“We’re going to have to pick up the pieces, but we’re going to do it together,” Lois Thomas said. “I’m going to miss him a lot.”
Kevin Thomas was 32 when he was diagnosed with stage four glioblastoma, an aggressive brain cancer. He had been undergoing chemotherapy treatments since he learned of the malignancy after having stroke-like symptoms while he was on-duty investigating an incident on South Water Avenue in May 2012.
He was rushed to the emergency room, where doctors at Skyline Medical Center found a plum-sized tumor pressing against his brain under the right rear part of the skull.
Kevin Thomas died at home late Thursday night, which was his wish, his wife said. Prior to his burial at Gallatin City Cemetery, a funeral service will be held at Hartsville Pike Church of Christ Monday at 1 p.m. with visitation starting at 10 a.m. until service time. Visitation will also be held Sunday from 1-8 p.m. at Alexander Funeral Home. The community is invited.

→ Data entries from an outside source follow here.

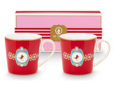 PIP STUDIO Love Birds Medallion Red Henkelbecher Large 0,25l Set2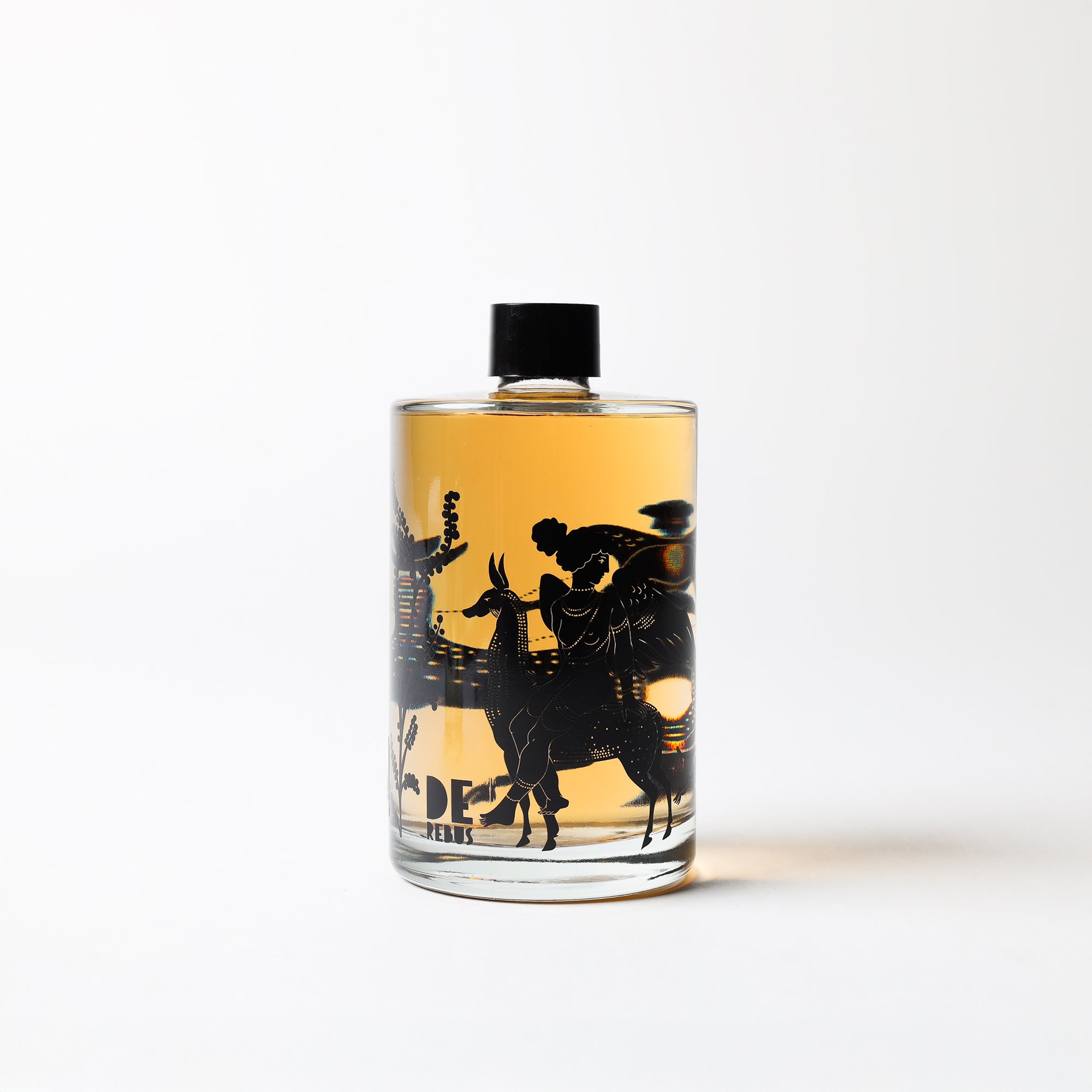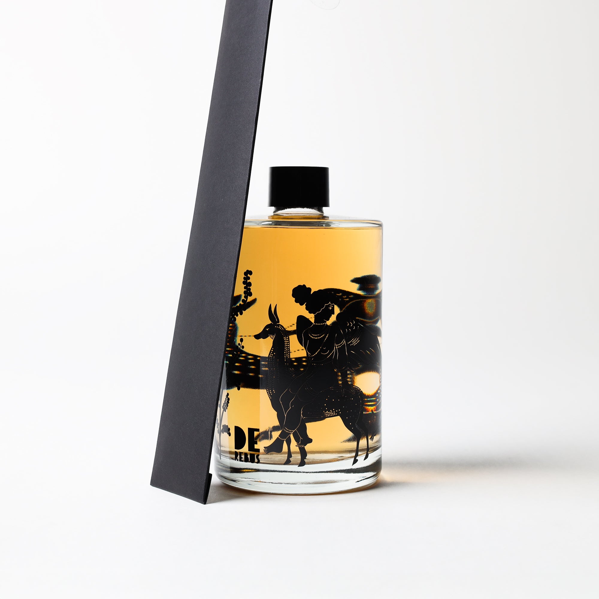 Hand-filled fragrance diffuser in clear glass featuring black graphic artwork applied using Italian decal technique.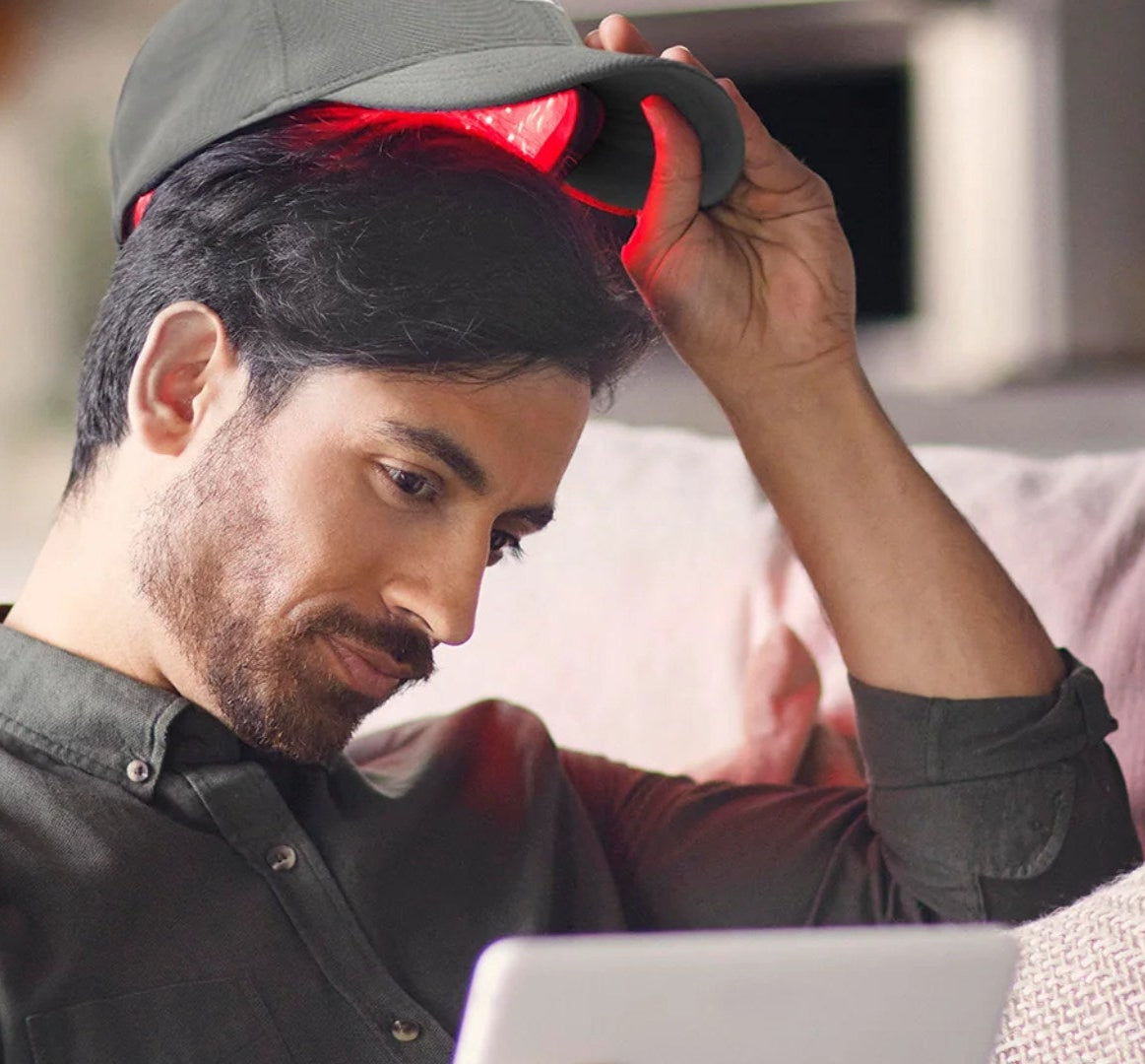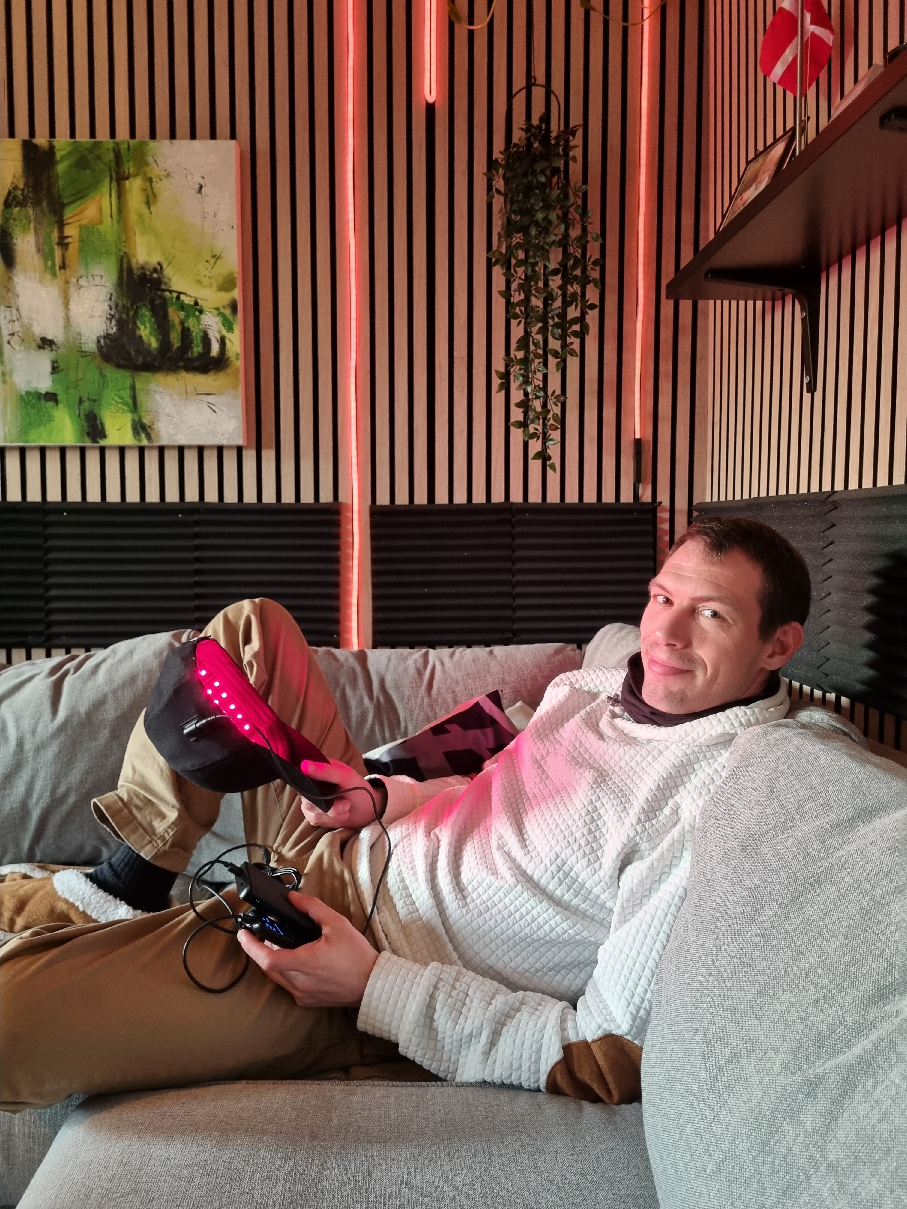 Cappen kombinerer 660 nm rødt lys og 850 nm nær-infrarødt lys i et målrettet lysspektrum, inspireret af professionelle lysterapi-metoder – samlet i én diskret og brugervenlig løsning til hjemmebrug.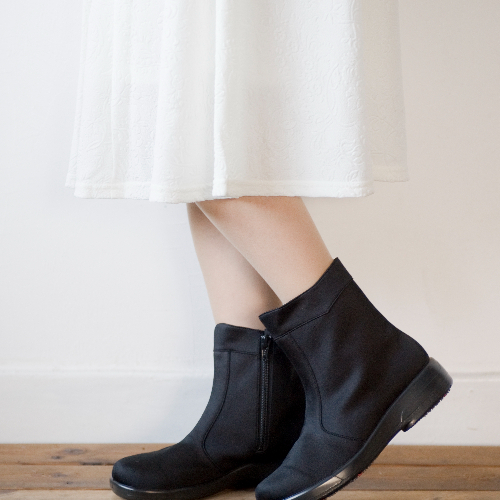 アッパー:ポリエステル、底:合成底(ポリウレタン+ラバー)足囲:3E、踵高さ:4cm、筒丈:14.5cm重量:305g(23.5㎝片足)日本製 ※ポリウレタン底について注意:ポリウレタン底は経年変化により劣化する事があります長期保管はお避けください。

“There’s a lot of people that love him,” Lois Thomas said.
The couple had six children between them, four of which they were raising at their home. Lois Thomas called her husband “irreplaceable.” Through Kevin’s death, she hopes to play a part in advancing research to find new treatments for what she called a “horrible disease.”
“Brain cancer is very common and even more on the rise and there’s just four approved drugs to treat it,” she said. “There’s so little progress in the treatment.”
15 years
Thomas spent about 15 years in law enforcement after graduating from Gallatin High School in 1997 and taking a job the following year at the Sumner County Jail. He transferred to the Hendersonville Police Department and attended the Law Enforcement Training Academy in 2000.In 2003, he worked as a school resource officer at Westmoreland and Station Camp high schools for the Sumner County Sheriff’s Office, and in 2010 he was hired with the Gallatin Police Department, where he was a bicycle patrol officer and a member of the SWAT team.

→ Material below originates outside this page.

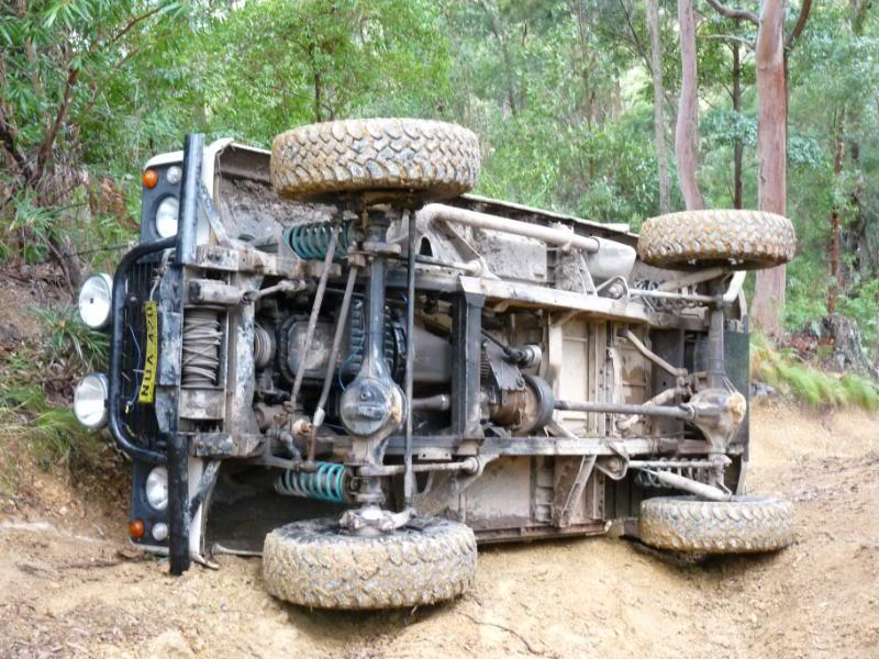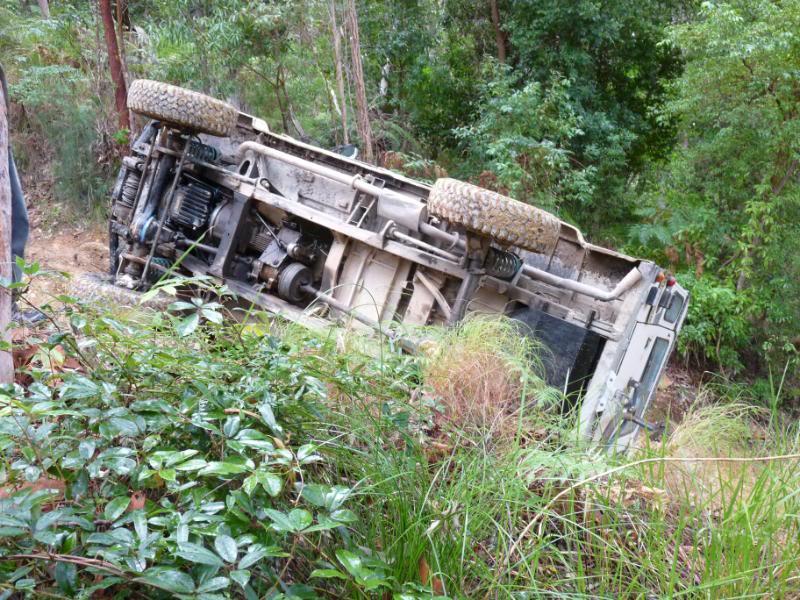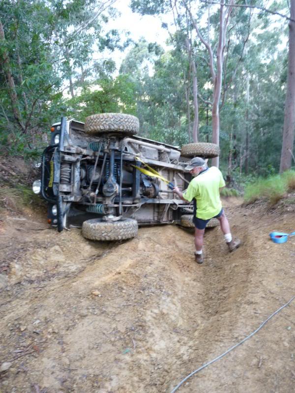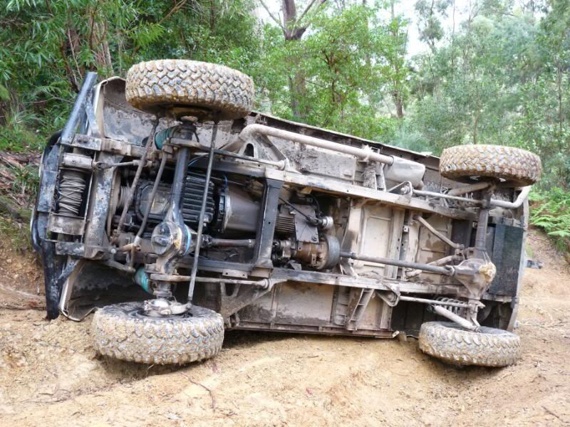 We headed out for a quick run yesterday only to have a roll over on the first track, while reversing back down the last section of this particular hill to have another attempt at it, the transfer case popped out of lowrange and took off down the hill a few metres and this is where it ended up

Thomas was diagnosed with cancer in 2012, but in recent months friends and family knew he didn’t have much time left.
Gallatin police Assistant Chief Bill Sorrells said Thomas was like “a family member” and was an “elite officer” – a man who was strong in physical ability but also humble, tender-hearted, and compassionate.

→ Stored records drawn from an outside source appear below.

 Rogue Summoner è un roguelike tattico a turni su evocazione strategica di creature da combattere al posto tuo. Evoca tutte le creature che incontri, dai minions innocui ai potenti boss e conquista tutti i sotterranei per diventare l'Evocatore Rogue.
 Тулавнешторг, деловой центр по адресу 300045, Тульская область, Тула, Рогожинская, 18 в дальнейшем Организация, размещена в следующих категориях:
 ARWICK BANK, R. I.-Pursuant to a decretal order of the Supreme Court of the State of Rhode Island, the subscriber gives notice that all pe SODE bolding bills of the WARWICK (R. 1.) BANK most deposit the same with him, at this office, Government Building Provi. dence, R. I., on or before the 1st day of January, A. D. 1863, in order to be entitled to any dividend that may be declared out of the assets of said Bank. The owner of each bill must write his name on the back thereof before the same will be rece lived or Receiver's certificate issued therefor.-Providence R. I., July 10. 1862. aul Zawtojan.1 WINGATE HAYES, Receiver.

“We were all prepared for it (his death), but you’re never prepared,” he said. “It just leaves you with an empty spot here today. Even though we all knew that he wasn’t going to be back, there was always that hope, and now that it’s happened, it’s just kind of an empty hole.”
Lt. Bill Vahldiek, who worked with Thomas when he began his career at the jail in 1998, remembered his colleague as “a great father” who would drop everything to help someone in need.
“You could call him in the middle of the night and you could be out of gas two states away and he’d be on the way to help you; that’s just Kevin, that’s just the way he was,” he said. “If I ever wanted one of my kids to be like somebody, I’d want them to be like Kevin.”